= WHAT THE TASK ASKS =
Transcribe each record below word for word.

= EXTRACTED RECORDS =
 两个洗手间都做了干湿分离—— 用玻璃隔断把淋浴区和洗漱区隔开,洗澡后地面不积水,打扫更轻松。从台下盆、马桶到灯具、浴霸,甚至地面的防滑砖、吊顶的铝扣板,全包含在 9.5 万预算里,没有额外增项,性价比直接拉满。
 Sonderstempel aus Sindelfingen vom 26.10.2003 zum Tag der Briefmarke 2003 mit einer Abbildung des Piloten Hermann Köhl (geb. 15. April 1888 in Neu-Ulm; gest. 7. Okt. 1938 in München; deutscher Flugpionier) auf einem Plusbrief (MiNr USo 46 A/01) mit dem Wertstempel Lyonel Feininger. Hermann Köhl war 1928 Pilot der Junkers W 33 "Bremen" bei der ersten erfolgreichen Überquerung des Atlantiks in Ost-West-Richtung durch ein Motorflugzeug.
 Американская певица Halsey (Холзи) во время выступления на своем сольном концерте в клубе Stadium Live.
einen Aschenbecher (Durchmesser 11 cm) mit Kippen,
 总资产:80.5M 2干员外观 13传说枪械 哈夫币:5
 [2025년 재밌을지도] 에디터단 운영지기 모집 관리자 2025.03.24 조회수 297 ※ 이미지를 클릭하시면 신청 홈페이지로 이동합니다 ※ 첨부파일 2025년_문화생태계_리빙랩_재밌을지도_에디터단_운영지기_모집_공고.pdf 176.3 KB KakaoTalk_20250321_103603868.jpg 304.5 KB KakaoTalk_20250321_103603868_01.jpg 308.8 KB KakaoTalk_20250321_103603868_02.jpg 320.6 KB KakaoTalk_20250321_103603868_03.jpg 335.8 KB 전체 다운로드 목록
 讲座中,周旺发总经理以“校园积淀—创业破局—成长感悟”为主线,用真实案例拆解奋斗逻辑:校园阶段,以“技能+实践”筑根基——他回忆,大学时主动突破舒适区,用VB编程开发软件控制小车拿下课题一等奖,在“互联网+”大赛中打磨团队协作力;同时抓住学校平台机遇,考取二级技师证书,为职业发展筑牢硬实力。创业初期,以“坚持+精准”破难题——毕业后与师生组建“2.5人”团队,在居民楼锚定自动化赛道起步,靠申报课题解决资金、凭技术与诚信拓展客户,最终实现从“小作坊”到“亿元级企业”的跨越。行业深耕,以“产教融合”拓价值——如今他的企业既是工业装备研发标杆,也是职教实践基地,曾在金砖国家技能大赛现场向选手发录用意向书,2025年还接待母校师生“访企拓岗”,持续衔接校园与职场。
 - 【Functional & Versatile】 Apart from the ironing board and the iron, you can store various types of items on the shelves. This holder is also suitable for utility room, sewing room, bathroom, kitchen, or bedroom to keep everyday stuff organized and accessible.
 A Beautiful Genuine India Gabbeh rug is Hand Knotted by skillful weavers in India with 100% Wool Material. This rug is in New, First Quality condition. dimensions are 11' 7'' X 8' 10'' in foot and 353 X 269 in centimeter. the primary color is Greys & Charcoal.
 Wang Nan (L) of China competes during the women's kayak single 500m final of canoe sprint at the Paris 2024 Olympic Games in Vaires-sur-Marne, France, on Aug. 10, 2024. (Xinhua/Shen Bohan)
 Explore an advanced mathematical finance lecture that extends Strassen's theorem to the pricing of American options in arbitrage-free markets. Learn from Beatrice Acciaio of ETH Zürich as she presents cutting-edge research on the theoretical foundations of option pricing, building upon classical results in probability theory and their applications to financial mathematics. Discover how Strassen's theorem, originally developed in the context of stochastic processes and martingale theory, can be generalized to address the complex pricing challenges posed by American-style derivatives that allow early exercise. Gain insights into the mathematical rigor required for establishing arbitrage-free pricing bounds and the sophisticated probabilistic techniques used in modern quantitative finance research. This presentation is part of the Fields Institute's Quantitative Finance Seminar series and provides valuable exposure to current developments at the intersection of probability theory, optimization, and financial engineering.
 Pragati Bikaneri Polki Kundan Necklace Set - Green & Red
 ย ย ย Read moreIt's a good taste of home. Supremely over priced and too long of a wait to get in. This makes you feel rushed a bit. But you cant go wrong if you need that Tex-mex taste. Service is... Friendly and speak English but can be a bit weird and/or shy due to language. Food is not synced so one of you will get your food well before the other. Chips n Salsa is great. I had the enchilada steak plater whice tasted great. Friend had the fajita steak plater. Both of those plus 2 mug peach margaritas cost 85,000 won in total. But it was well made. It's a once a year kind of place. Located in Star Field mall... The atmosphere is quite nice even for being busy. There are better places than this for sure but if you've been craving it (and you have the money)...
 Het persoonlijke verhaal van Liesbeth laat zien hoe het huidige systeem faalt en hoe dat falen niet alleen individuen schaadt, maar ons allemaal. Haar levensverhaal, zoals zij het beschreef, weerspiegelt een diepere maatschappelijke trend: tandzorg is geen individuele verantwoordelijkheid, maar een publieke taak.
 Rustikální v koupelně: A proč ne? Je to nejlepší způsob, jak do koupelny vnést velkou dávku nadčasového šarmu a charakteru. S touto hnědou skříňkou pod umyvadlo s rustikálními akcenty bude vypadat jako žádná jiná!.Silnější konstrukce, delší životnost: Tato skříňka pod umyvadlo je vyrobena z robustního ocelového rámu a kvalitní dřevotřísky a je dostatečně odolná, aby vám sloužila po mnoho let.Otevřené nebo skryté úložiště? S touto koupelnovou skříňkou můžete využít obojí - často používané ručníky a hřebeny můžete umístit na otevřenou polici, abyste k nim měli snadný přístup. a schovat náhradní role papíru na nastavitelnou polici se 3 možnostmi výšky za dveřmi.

= ANSWER TO THE PROBLEM =
 两个洗手间都做了干湿分离—— 用玻璃隔断把淋浴区和洗漱区隔开,洗澡后地面不积水,打扫更轻松。从台下盆、马桶到灯具、浴霸,甚至地面的防滑砖、吊顶的铝扣板,全包含在 9.5 万预算里,没有额外增项,性价比直接拉满。
 Sonderstempel aus Sindelfingen vom 26.10.2003 zum Tag der Briefmarke 2003 mit einer Abbildung des Piloten Hermann Köhl (geb. 15. April 1888 in Neu-Ulm; gest. 7. Okt. 1938 in München; deutscher Flugpionier) auf einem Plusbrief (MiNr USo 46 A/01) mit dem Wertstempel Lyonel Feininger. Hermann Köhl war 1928 Pilot der Junkers W 33 "Bremen" bei der ersten erfolgreichen Überquerung des Atlantiks in Ost-West-Richtung durch ein Motorflugzeug.
 Американская певица Halsey (Холзи) во время выступления на своем сольном концерте в клубе Stadium Live.
einen Aschenbecher (Durchmesser 11 cm) mit Kippen,
 总资产:80.5M 2干员外观 13传说枪械 哈夫币:5
 [2025년 재밌을지도] 에디터단 운영지기 모집 관리자 2025.03.24 조회수 297 ※ 이미지를 클릭하시면 신청 홈페이지로 이동합니다 ※ 첨부파일 2025년_문화생태계_리빙랩_재밌을지도_에디터단_운영지기_모집_공고.pdf 176.3 KB KakaoTalk_20250321_103603868.jpg 304.5 KB KakaoTalk_20250321_103603868_01.jpg 308.8 KB KakaoTalk_20250321_103603868_02.jpg 320.6 KB KakaoTalk_20250321_103603868_03.jpg 335.8 KB 전체 다운로드 목록
 讲座中,周旺发总经理以“校园积淀—创业破局—成长感悟”为主线,用真实案例拆解奋斗逻辑:校园阶段,以“技能+实践”筑根基——他回忆,大学时主动突破舒适区,用VB编程开发软件控制小车拿下课题一等奖,在“互联网+”大赛中打磨团队协作力;同时抓住学校平台机遇,考取二级技师证书,为职业发展筑牢硬实力。创业初期,以“坚持+精准”破难题——毕业后与师生组建“2.5人”团队,在居民楼锚定自动化赛道起步,靠申报课题解决资金、凭技术与诚信拓展客户,最终实现从“小作坊”到“亿元级企业”的跨越。行业深耕,以“产教融合”拓价值——如今他的企业既是工业装备研发标杆,也是职教实践基地,曾在金砖国家技能大赛现场向选手发录用意向书,2025年还接待母校师生“访企拓岗”,持续衔接校园与职场。
 - 【Functional & Versatile】 Apart from the ironing board and the iron, you can store various types of items on the shelves. This holder is also suitable for utility room, sewing room, bathroom, kitchen, or bedroom to keep everyday stuff organized and accessible.
 A Beautiful Genuine India Gabbeh rug is Hand Knotted by skillful weavers in India with 100% Wool Material. This rug is in New, First Quality condition. dimensions are 11' 7'' X 8' 10'' in foot and 353 X 269 in centimeter. the primary color is Greys & Charcoal.
 Wang Nan (L) of China competes during the women's kayak single 500m final of canoe sprint at the Paris 2024 Olympic Games in Vaires-sur-Marne, France, on Aug. 10, 2024. (Xinhua/Shen Bohan)
 Explore an advanced mathematical finance lecture that extends Strassen's theorem to the pricing of American options in arbitrage-free markets. Learn from Beatrice Acciaio of ETH Zürich as she presents cutting-edge research on the theoretical foundations of option pricing, building upon classical results in probability theory and their applications to financial mathematics. Discover how Strassen's theorem, originally developed in the context of stochastic processes and martingale theory, can be generalized to address the complex pricing challenges posed by American-style derivatives that allow early exercise. Gain insights into the mathematical rigor required for establishing arbitrage-free pricing bounds and the sophisticated probabilistic techniques used in modern quantitative finance research. This presentation is part of the Fields Institute's Quantitative Finance Seminar series and provides valuable exposure to current developments at the intersection of probability theory, optimization, and financial engineering.
 Pragati Bikaneri Polki Kundan Necklace Set - Green & Red
 ย ย ย Read moreIt's a good taste of home. Supremely over priced and too long of a wait to get in. This makes you feel rushed a bit. But you cant go wrong if you need that Tex-mex taste. Service is... Friendly and speak English but can be a bit weird and/or shy due to language. Food is not synced so one of you will get your food well before the other. Chips n Salsa is great. I had the enchilada steak plater whice tasted great. Friend had the fajita steak plater. Both of those plus 2 mug peach margaritas cost 85,000 won in total. But it was well made. It's a once a year kind of place. Located in Star Field mall... The atmosphere is quite nice even for being busy. There are better places than this for sure but if you've been craving it (and you have the money)...
 Het persoonlijke verhaal van Liesbeth laat zien hoe het huidige systeem faalt en hoe dat falen niet alleen individuen schaadt, maar ons allemaal. Haar levensverhaal, zoals zij het beschreef, weerspiegelt een diepere maatschappelijke trend: tandzorg is geen individuele verantwoordelijkheid, maar een publieke taak.
 Rustikální v koupelně: A proč ne? Je to nejlepší způsob, jak do koupelny vnést velkou dávku nadčasového šarmu a charakteru. S touto hnědou skříňkou pod umyvadlo s rustikálními akcenty bude vypadat jako žádná jiná!.Silnější konstrukce, delší životnost: Tato skříňka pod umyvadlo je vyrobena z robustního ocelového rámu a kvalitní dřevotřísky a je dostatečně odolná, aby vám sloužila po mnoho let.Otevřené nebo skryté úložiště? S touto koupelnovou skříňkou můžete využít obojí - často používané ručníky a hřebeny můžete umístit na otevřenou polici, abyste k nim měli snadný přístup. a schovat náhradní role papíru na nastavitelnou polici se 3 možnostmi výšky za dveřmi.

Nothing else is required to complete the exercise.